Please give back, word for word, only the lines starting at the one containing "Before scaling marketing" and ending at the one containing "עץ מלאכותי פיקוס" within the material below.

··· Records for the task

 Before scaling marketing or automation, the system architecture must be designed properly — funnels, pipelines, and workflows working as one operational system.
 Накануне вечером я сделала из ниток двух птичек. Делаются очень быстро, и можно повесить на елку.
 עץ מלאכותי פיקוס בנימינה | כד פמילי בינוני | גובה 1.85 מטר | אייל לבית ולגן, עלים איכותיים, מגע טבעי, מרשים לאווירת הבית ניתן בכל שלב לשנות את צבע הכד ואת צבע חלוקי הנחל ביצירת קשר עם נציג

······
··· Records for the task

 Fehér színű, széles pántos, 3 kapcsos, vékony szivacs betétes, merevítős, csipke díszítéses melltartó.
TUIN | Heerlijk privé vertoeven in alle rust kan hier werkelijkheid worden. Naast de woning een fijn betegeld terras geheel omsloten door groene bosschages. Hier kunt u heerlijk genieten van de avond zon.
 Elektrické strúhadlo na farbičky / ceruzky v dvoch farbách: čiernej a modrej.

······

Answer area –
 Before scaling marketing or automation, the system architecture must be designed properly — funnels, pipelines, and workflows working as one operational system.
 Накануне вечером я сделала из ниток двух птичек. Делаются очень быстро, и можно повесить на елку.
 עץ מלאכותי פיקוס בנימינה | כד פמילי בינוני | גובה 1.85 מטר | אייל לבית ולגן, עלים איכותיים, מגע טבעי, מרשים לאווירת הבית ניתן בכל שלב לשנות את צבע הכד ואת צבע חלוקי הנחל ביצירת קשר עם נציג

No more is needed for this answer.